= DATA PROVIDED =
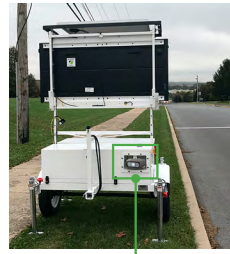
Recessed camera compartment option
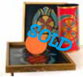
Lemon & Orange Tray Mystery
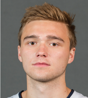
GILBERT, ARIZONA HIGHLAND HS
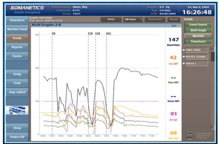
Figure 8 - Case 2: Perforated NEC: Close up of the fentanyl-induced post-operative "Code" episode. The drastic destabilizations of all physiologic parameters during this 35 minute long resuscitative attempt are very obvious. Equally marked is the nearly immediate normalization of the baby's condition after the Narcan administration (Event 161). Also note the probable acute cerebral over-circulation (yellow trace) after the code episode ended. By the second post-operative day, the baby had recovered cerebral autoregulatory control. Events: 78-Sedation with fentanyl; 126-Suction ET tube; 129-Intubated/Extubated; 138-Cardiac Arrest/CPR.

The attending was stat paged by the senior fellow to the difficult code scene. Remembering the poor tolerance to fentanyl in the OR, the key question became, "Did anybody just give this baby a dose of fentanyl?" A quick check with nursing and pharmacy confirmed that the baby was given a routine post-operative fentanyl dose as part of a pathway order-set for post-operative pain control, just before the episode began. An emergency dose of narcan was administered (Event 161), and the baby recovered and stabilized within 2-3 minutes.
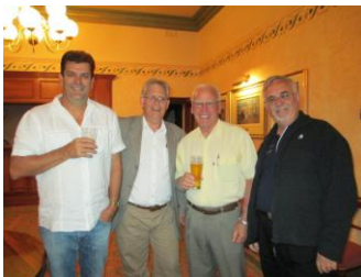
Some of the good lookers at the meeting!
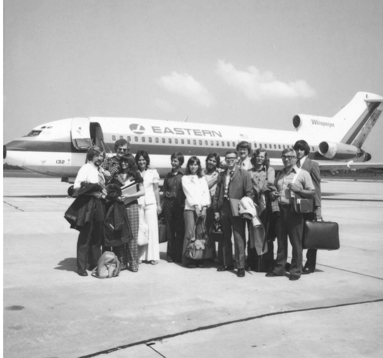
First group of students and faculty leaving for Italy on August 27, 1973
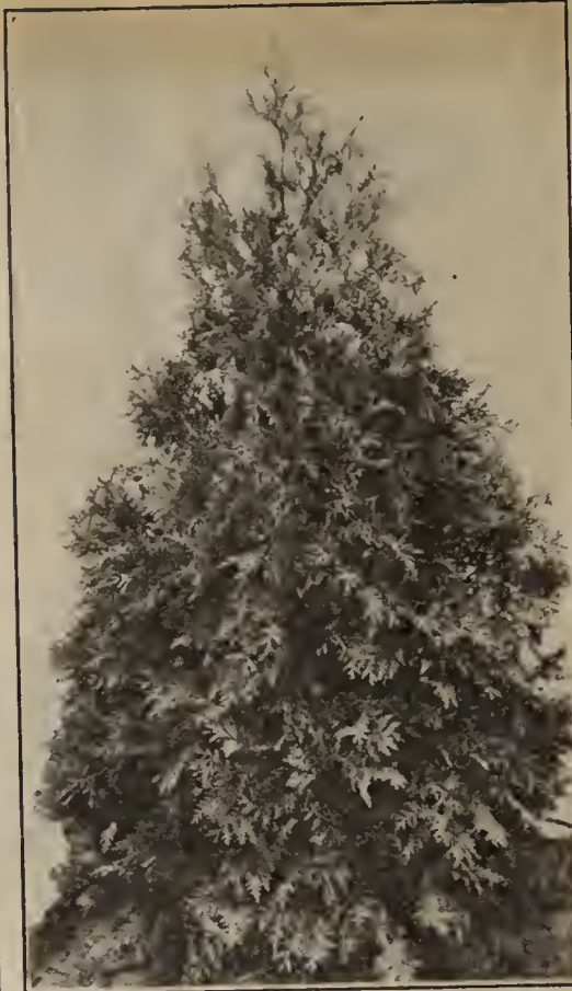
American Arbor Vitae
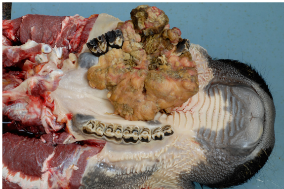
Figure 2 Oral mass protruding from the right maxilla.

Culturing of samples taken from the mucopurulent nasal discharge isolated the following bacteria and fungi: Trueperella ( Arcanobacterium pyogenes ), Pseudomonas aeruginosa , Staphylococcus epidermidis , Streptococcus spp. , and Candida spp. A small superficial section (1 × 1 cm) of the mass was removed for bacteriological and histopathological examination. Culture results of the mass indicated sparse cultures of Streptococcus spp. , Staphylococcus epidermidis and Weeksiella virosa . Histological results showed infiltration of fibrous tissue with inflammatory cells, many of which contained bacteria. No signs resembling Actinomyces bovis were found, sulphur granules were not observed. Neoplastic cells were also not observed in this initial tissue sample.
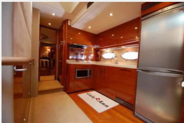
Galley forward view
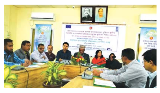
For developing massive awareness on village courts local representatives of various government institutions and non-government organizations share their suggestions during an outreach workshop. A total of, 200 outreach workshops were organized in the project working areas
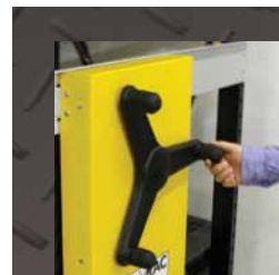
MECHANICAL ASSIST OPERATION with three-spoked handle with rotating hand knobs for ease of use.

= EXERCISE INSTRUCTIONS =
Copy exactly the part of the material above that opens with the line containing "The attending was" and closes with the line containing "Figure 2 Oral", ends included. Drop the images.

= EXPECTED ANSWER =
The attending was stat paged by the senior fellow to the difficult code scene. Remembering the poor tolerance to fentanyl in the OR, the key question became, "Did anybody just give this baby a dose of fentanyl?" A quick check with nursing and pharmacy confirmed that the baby was given a routine post-operative fentanyl dose as part of a pathway order-set for post-operative pain control, just before the episode began. An emergency dose of narcan was administered (Event 161), and the baby recovered and stabilized within 2-3 minutes.
Some of the good lookers at the meeting!
First group of students and faculty leaving for Italy on August 27, 1973
American Arbor Vitae
Figure 2 Oral mass protruding from the right maxilla.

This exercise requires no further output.